_WHAT NEEDS TO BE DONE_: Copy out exactly the stretch below, from the line with "11 Орден Славы" through the line with "But late Friday, the", both included; the pictures stay out.

_RECORDS TO PROCESS_:

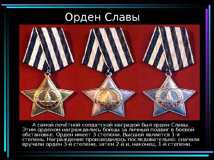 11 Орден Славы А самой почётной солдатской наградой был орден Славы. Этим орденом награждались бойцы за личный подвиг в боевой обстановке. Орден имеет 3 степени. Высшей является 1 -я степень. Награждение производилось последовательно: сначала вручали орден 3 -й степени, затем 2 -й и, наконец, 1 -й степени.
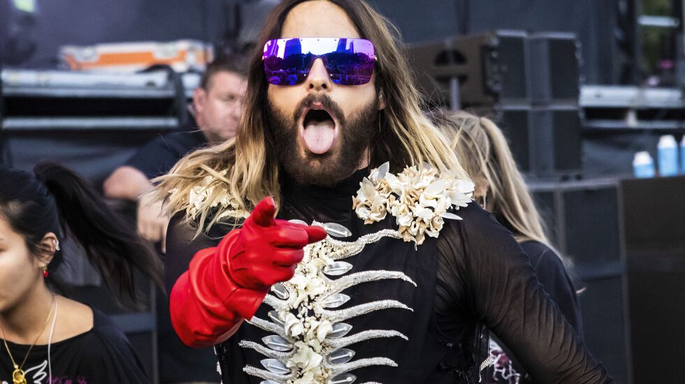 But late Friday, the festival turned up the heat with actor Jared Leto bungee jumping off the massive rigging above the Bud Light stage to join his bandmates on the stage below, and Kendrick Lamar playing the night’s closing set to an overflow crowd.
==
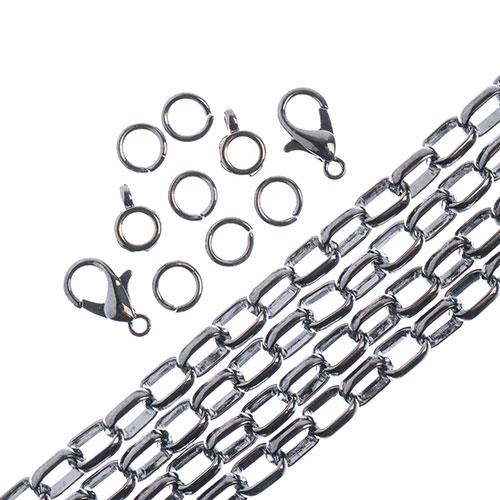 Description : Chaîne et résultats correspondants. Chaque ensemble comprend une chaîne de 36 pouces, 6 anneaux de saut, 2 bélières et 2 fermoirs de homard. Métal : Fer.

_RESULT OF THE EXERCISE_:
 11 Орден Славы А самой почётной солдатской наградой был орден Славы. Этим орденом награждались бойцы за личный подвиг в боевой обстановке. Орден имеет 3 степени. Высшей является 1 -я степень. Награждение производилось последовательно: сначала вручали орден 3 -й степени, затем 2 -й и, наконец, 1 -й степени.
 But late Friday, the festival turned up the heat with actor Jared Leto bungee jumping off the massive rigging above the Bud Light stage to join his bandmates on the stage below, and Kendrick Lamar playing the night’s closing set to an overflow crowd.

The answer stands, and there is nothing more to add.